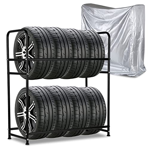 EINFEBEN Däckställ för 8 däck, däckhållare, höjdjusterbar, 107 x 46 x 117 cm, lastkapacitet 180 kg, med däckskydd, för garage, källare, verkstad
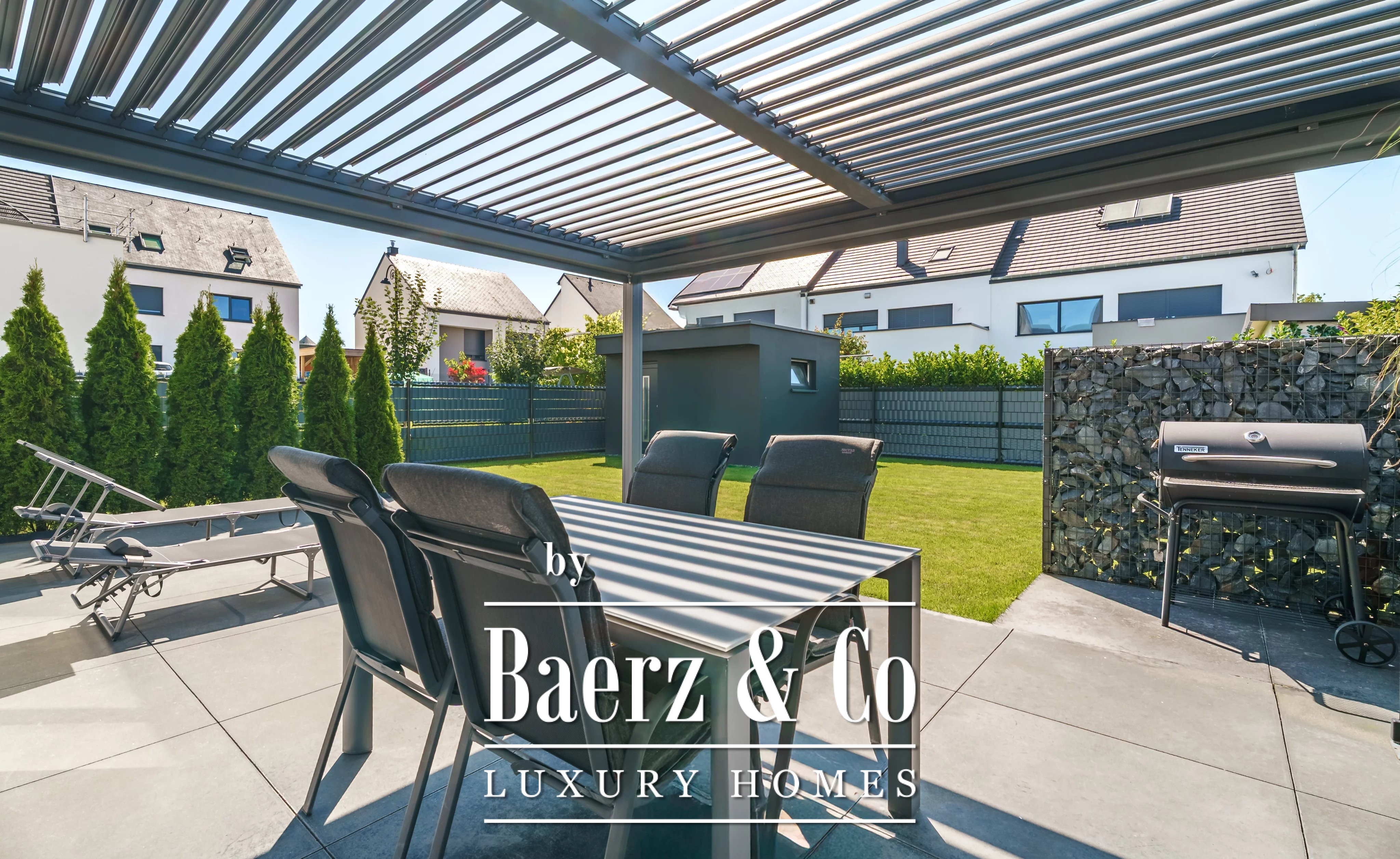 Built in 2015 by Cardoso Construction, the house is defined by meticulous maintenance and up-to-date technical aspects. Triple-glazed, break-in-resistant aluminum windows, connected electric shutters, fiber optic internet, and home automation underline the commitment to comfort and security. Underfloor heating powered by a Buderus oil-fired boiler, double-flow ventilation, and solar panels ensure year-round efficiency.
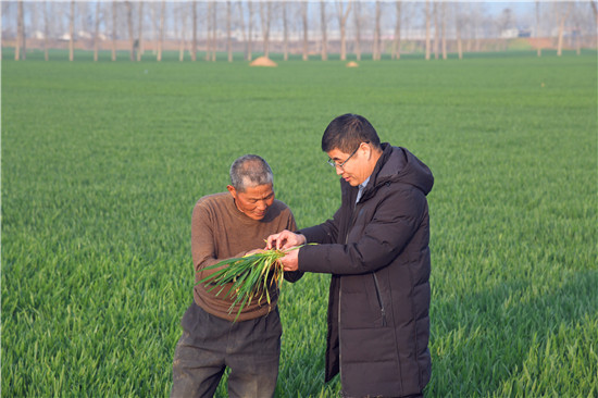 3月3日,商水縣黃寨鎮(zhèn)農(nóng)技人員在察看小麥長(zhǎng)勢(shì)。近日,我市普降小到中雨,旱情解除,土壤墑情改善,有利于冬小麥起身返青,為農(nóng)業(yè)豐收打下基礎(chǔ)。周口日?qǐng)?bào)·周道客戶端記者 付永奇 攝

++++++++++++++++++++

TASK TO COMPLETE: Return the listing verbatim, pictures excluded.

EXERCISE RESULT:
 EINFEBEN Däckställ för 8 däck, däckhållare, höjdjusterbar, 107 x 46 x 117 cm, lastkapacitet 180 kg, med däckskydd, för garage, källare, verkstad
 Built in 2015 by Cardoso Construction, the house is defined by meticulous maintenance and up-to-date technical aspects. Triple-glazed, break-in-resistant aluminum windows, connected electric shutters, fiber optic internet, and home automation underline the commitment to comfort and security. Underfloor heating powered by a Buderus oil-fired boiler, double-flow ventilation, and solar panels ensure year-round efficiency.
 3月3日,商水縣黃寨鎮(zhèn)農(nóng)技人員在察看小麥長(zhǎng)勢(shì)。近日,我市普降小到中雨,旱情解除,土壤墑情改善,有利于冬小麥起身返青,為農(nóng)業(yè)豐收打下基礎(chǔ)。周口日?qǐng)?bào)·周道客戶端記者 付永奇 攝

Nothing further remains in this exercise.